Task instructions – Copy word for word the lines of the records below, beginning at the one with "OpisTkanina bawełniana w" and finishing at the one with "Itapetinga será sede", ends included, but none of the pictures.

Records supplied –
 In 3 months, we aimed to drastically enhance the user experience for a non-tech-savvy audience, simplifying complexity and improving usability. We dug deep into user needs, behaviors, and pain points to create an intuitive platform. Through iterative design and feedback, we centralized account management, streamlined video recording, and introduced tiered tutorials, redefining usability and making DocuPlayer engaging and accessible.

...

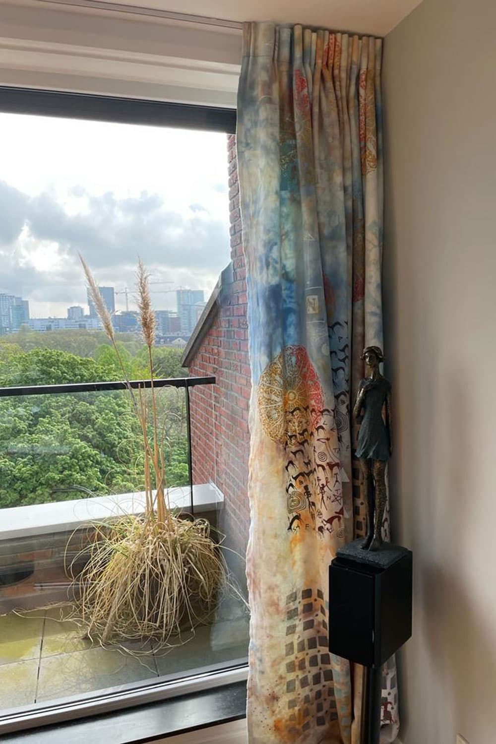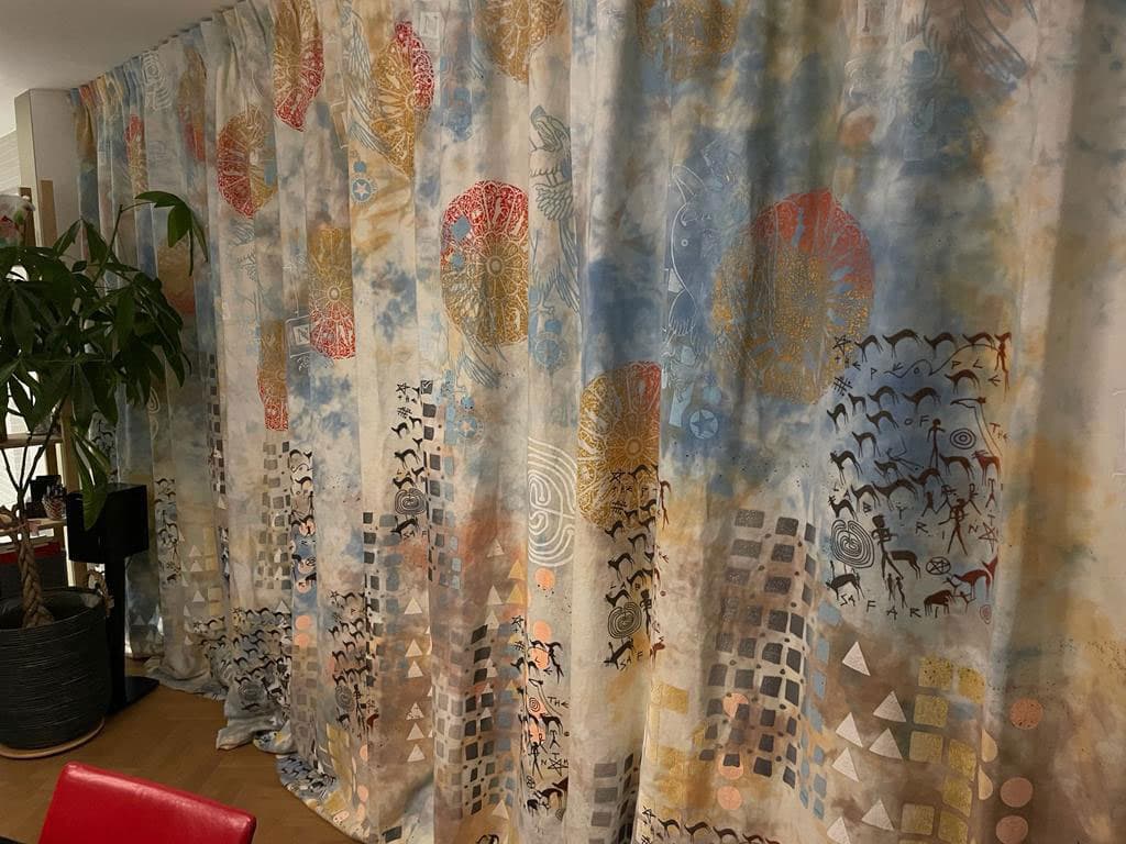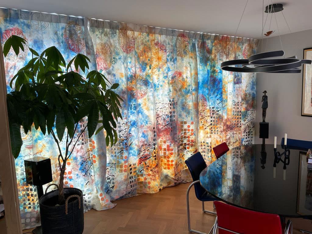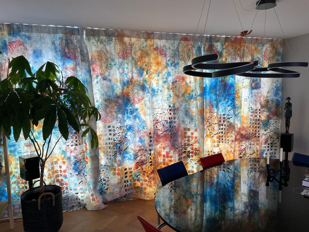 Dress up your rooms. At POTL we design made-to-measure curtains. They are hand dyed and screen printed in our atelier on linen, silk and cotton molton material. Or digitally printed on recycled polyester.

...

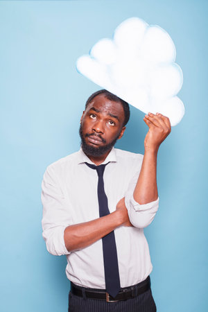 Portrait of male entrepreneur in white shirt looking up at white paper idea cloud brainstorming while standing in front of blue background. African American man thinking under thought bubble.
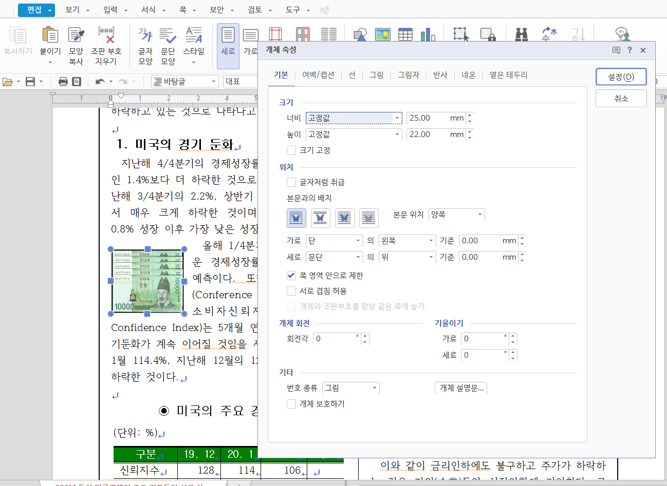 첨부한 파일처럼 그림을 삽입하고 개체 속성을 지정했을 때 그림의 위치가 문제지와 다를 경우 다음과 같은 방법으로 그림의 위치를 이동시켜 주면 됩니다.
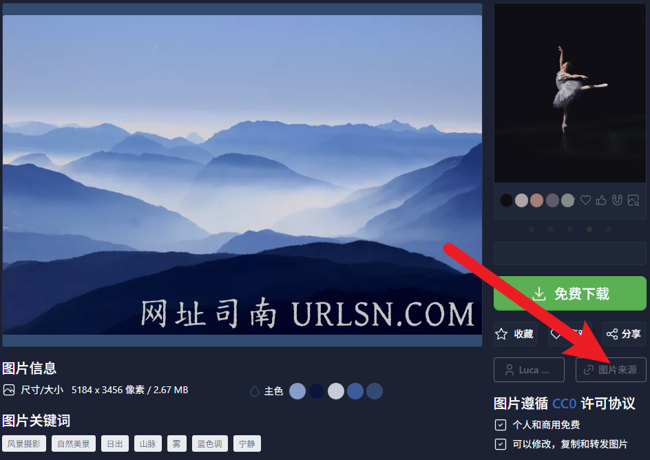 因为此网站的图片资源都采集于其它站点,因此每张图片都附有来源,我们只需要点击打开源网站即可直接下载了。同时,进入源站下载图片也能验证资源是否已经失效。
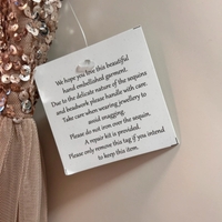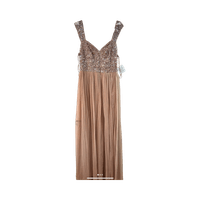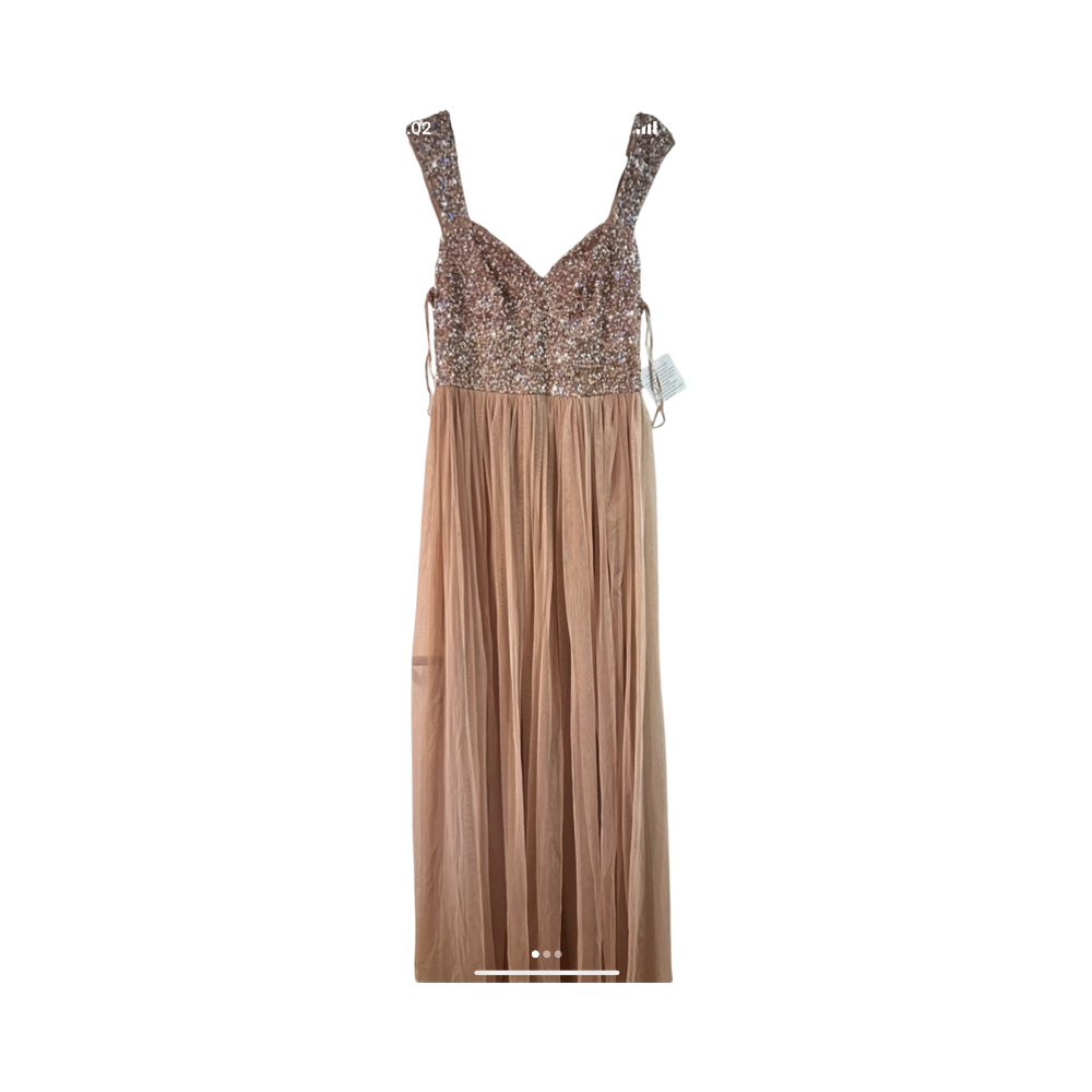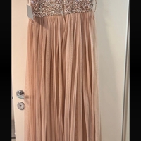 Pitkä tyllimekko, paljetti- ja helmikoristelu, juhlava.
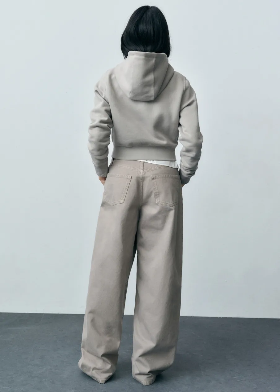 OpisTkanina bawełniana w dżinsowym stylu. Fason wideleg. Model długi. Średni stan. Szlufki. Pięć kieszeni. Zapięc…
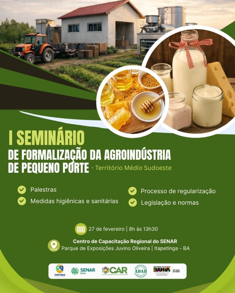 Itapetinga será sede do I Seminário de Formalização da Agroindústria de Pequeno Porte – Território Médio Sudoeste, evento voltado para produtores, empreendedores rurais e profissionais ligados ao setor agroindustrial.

Output for this exercise –
 OpisTkanina bawełniana w dżinsowym stylu. Fason wideleg. Model długi. Średni stan. Szlufki. Pięć kieszeni. Zapięc…
 Itapetinga será sede do I Seminário de Formalização da Agroindústria de Pequeno Porte – Território Médio Sudoeste, evento voltado para produtores, empreendedores rurais e profissionais ligados ao setor agroindustrial.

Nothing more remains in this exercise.